• **Exercise goal**
Reproduce the entries word for word, and omit any picture you find in them.

(Collected data entries)
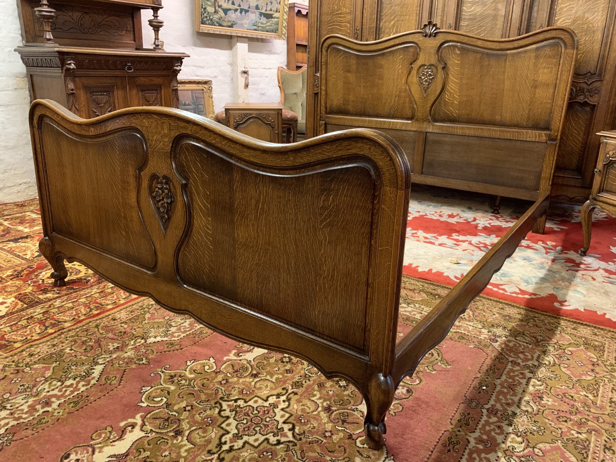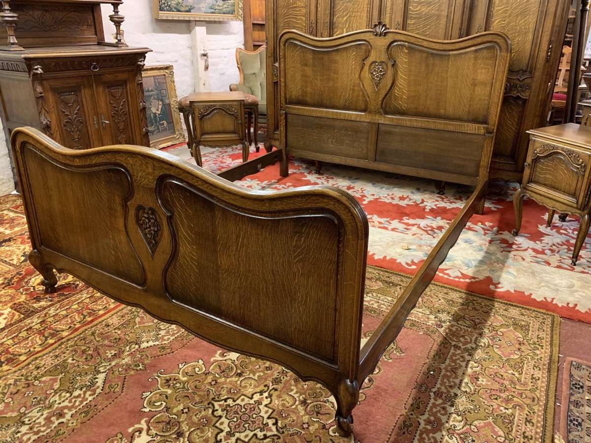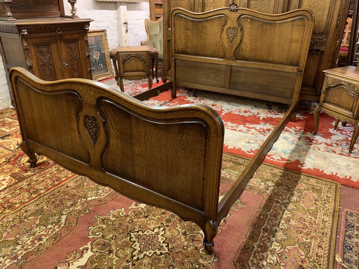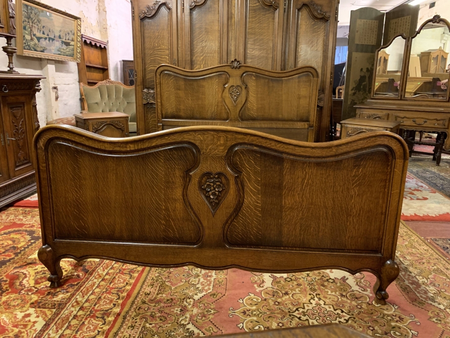 This antique French bed is in excellent condition. The shaped headboard rises to a central decorative carved crest, below the crest is a decorative carving which sits between two shaped recessed panels. The shaped footboard has a central decorative carving which is also flanked by two shaped recessed panels, the footboard stands on carved cabriole shaped legs. This bed splits down for easy transportation and delivery.
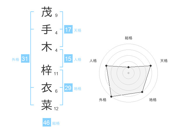 茂手木 梓衣菜さんの外格は31画の5点!
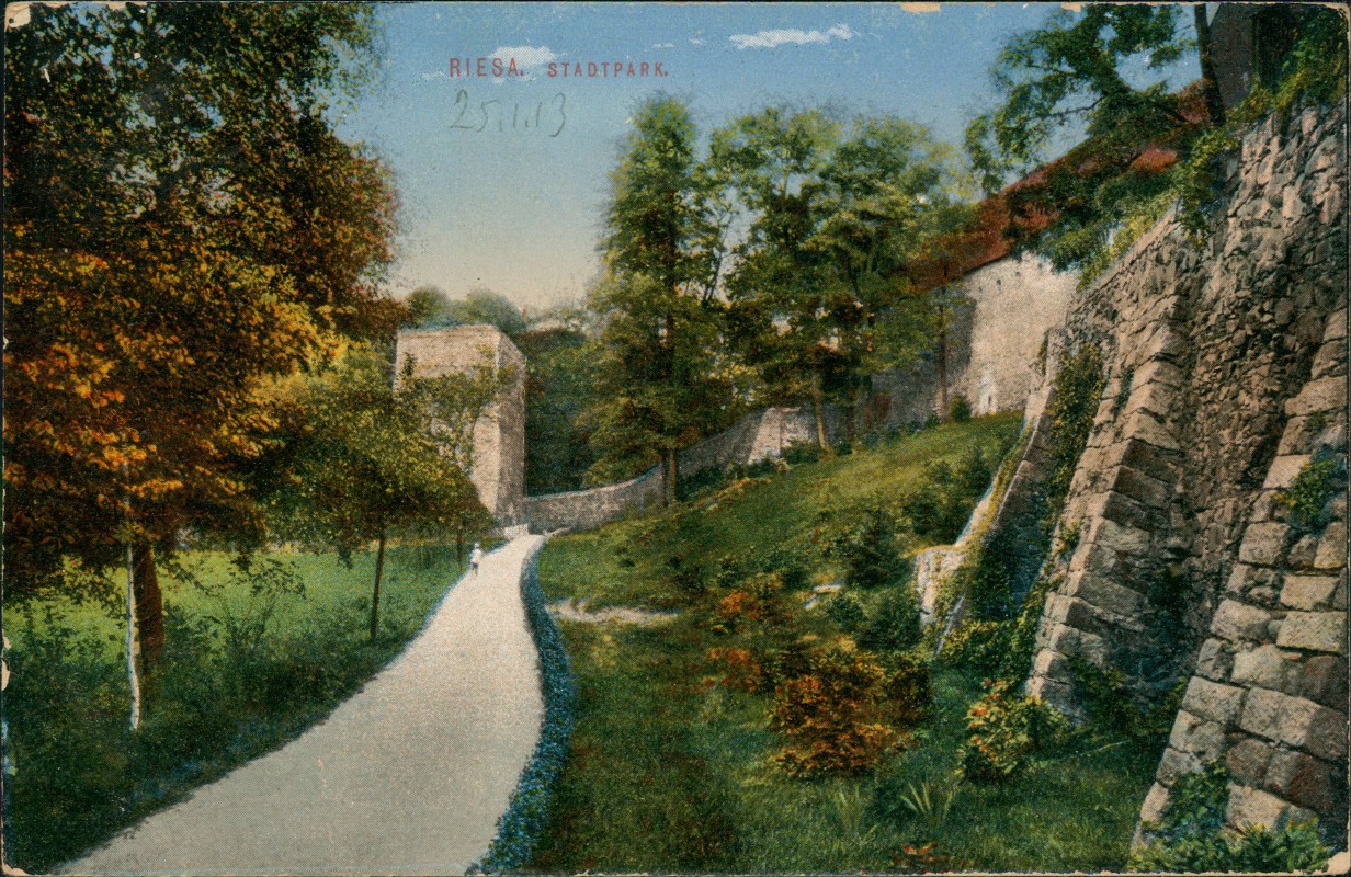 Ansichtskarte: Mauer - Stadtpark - Riesa
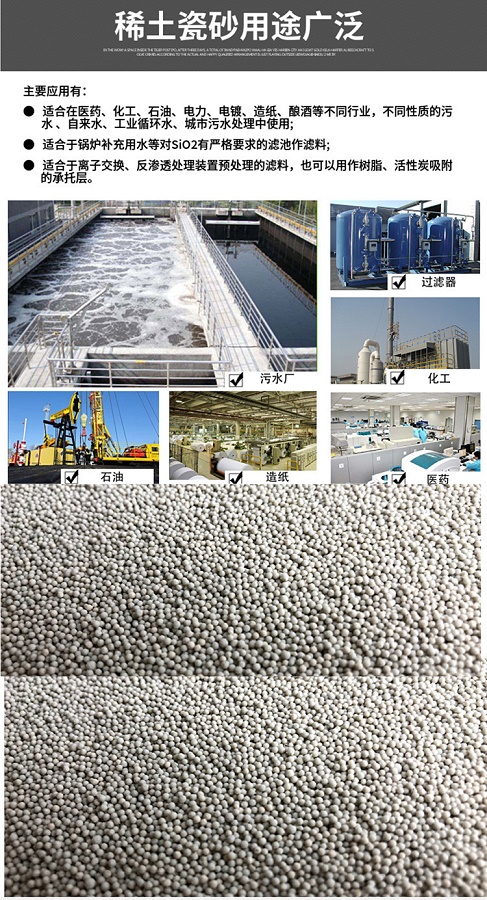 瓷砂濾料是一種球形顆粒,具有很好的穩(wěn)定化學性能,強度高,耐高溫 耐腐蝕比表面積大,截污吸附性能好,顆粒均勻,比重適中。稀土瓷砂濾料含油增強及耐腐蝕性的稀土,具有瓷砂濾料的性能外,吸附性能增強,化學穩(wěn)定性能好,適合做反滲透過濾和超濾介質。 在單層濾池 雙層濾池 雙層過濾器,離子交換器等過濾上班中作過濾介質及墊層,可以處理各種工業(yè)污水 工業(yè)用水 城市污水等。
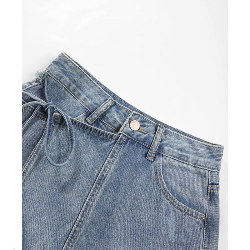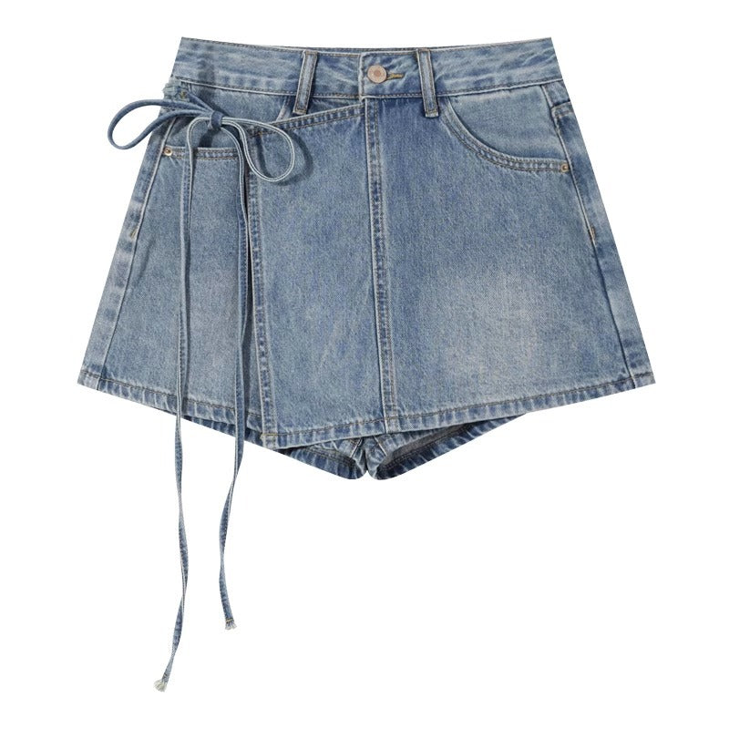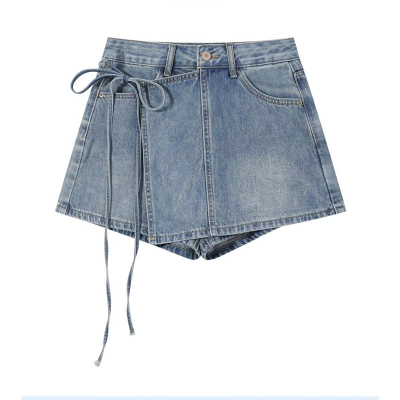 Short-Jupe en Jean d'Été Taille Haute & Coupe Trapèze Asymétrique
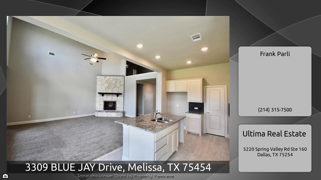 The Virtual Tour for the property at 3309 BLUE JAY Drive, Melissa, TX 75454 listed for $399,990: Other homes for sale by Frank Parli of Ultima Real Estate: BRAND NEW IN MAGNOLIA RIDGE! 3 CAR GARAGE Beautiful Country French design with stone accents. 8' Knotty Alder front door leads to soaring 2 story entry featuring Juliet Balcony overlook and hardwood floors. WOOD ALSO IN STUDY AND F. DINING! Study with French Doors, Large F. Dining. Huge Master Down. Large 2-story Family Room. Great Kitchen with Custom Cabinetry and Granite tops. Guest BR down, 3 bedrooms, Game, Media up. Upgraded …
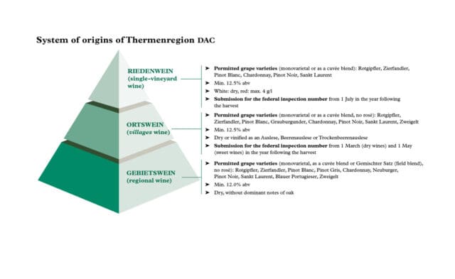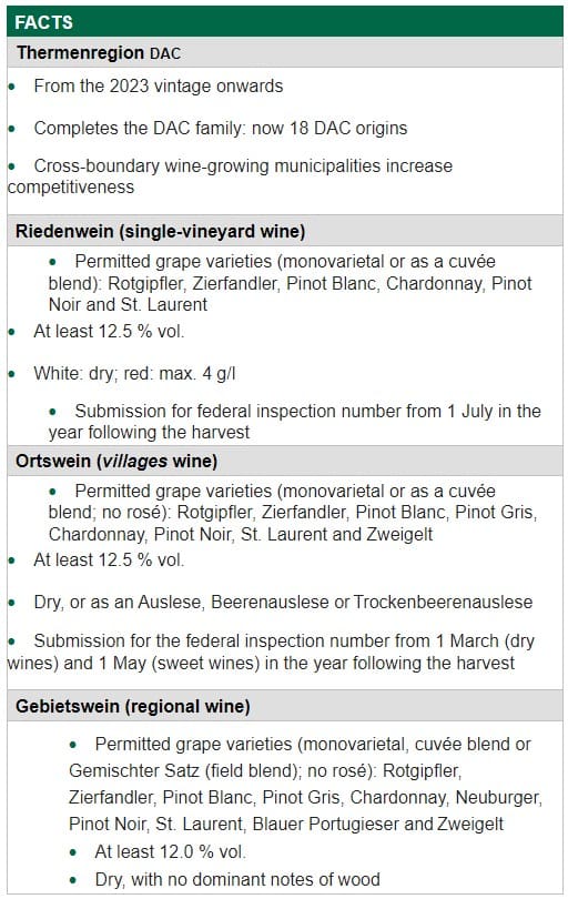 The first DAC wines from this wine-growing region south of Vienna in Niederösterreich (Lower Austria) will be produced from the 2023 harvest. Riedenwein (single-vineyard wine) represents the pinnacle of the three-tier origin pyramid for the Thermenregion DAC and includes the flagship varieties of Zierfandler, Rotgipfler, St. Laurent and Pinot Noir, alongside Pinot Blanc and Chardonnay. The Ortswein (villages wine) occupies the centre DAC tier and includes the above varieties, as well as Pinot Gris and Zweigelt (Rotburger). The DAC villages of the Thermenregion are Perchtoldsdorf, Gumpoldskirchen, Tattendorf, Wiener Neustadt and Bad Vöslau. The regional wines, with no mention of the municipality or Ried on the label, are sold as Gebietswein Thermenregion DAC and include all the above varieties, together with Neuburger, Gemischter Satz (field blend) and Blauer Portugieser, resulting in a traditionally wide diversity of wines.
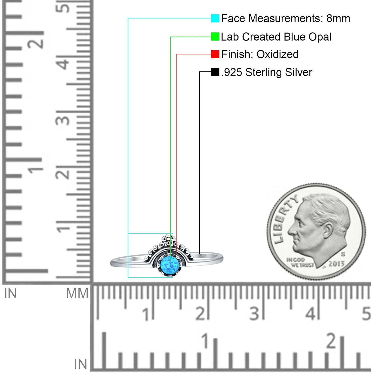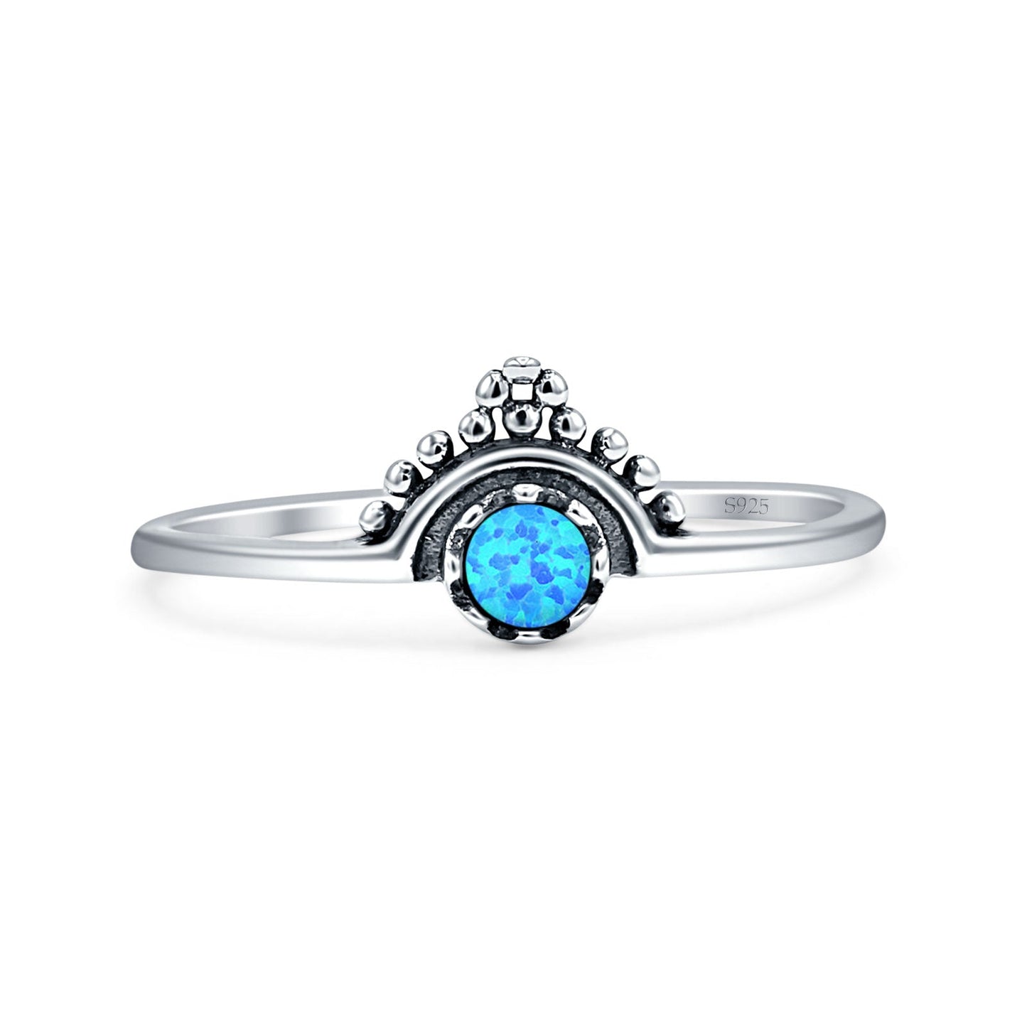 This minimalist 8mm round Lab Created Blue Opal bali ring features a radiant opal centerpiece set in oxidized 925 sterling silver with curved, vintage-style beaded detailing. A perfect blend of boho charm and timeless elegance, ideal for wholesale statement ring collections.

• **Answer for the task**
 This antique French bed is in excellent condition. The shaped headboard rises to a central decorative carved crest, below the crest is a decorative carving which sits between two shaped recessed panels. The shaped footboard has a central decorative carving which is also flanked by two shaped recessed panels, the footboard stands on carved cabriole shaped legs. This bed splits down for easy transportation and delivery.
 茂手木 梓衣菜さんの外格は31画の5点!
 Ansichtskarte: Mauer - Stadtpark - Riesa
 瓷砂濾料是一種球形顆粒,具有很好的穩(wěn)定化學性能,強度高,耐高溫 耐腐蝕比表面積大,截污吸附性能好,顆粒均勻,比重適中。稀土瓷砂濾料含油增強及耐腐蝕性的稀土,具有瓷砂濾料的性能外,吸附性能增強,化學穩(wěn)定性能好,適合做反滲透過濾和超濾介質。 在單層濾池 雙層濾池 雙層過濾器,離子交換器等過濾上班中作過濾介質及墊層,可以處理各種工業(yè)污水 工業(yè)用水 城市污水等。
 Short-Jupe en Jean d'Été Taille Haute & Coupe Trapèze Asymétrique
 The Virtual Tour for the property at 3309 BLUE JAY Drive, Melissa, TX 75454 listed for $399,990: Other homes for sale by Frank Parli of Ultima Real Estate: BRAND NEW IN MAGNOLIA RIDGE! 3 CAR GARAGE Beautiful Country French design with stone accents. 8' Knotty Alder front door leads to soaring 2 story entry featuring Juliet Balcony overlook and hardwood floors. WOOD ALSO IN STUDY AND F. DINING! Study with French Doors, Large F. Dining. Huge Master Down. Large 2-story Family Room. Great Kitchen with Custom Cabinetry and Granite tops. Guest BR down, 3 bedrooms, Game, Media up. Upgraded …
 The first DAC wines from this wine-growing region south of Vienna in Niederösterreich (Lower Austria) will be produced from the 2023 harvest. Riedenwein (single-vineyard wine) represents the pinnacle of the three-tier origin pyramid for the Thermenregion DAC and includes the flagship varieties of Zierfandler, Rotgipfler, St. Laurent and Pinot Noir, alongside Pinot Blanc and Chardonnay. The Ortswein (villages wine) occupies the centre DAC tier and includes the above varieties, as well as Pinot Gris and Zweigelt (Rotburger). The DAC villages of the Thermenregion are Perchtoldsdorf, Gumpoldskirchen, Tattendorf, Wiener Neustadt and Bad Vöslau. The regional wines, with no mention of the municipality or Ried on the label, are sold as Gebietswein Thermenregion DAC and include all the above varieties, together with Neuburger, Gemischter Satz (field blend) and Blauer Portugieser, resulting in a traditionally wide diversity of wines.
 This minimalist 8mm round Lab Created Blue Opal bali ring features a radiant opal centerpiece set in oxidized 925 sterling silver with curved, vintage-style beaded detailing. A perfect blend of boho charm and timeless elegance, ideal for wholesale statement ring collections.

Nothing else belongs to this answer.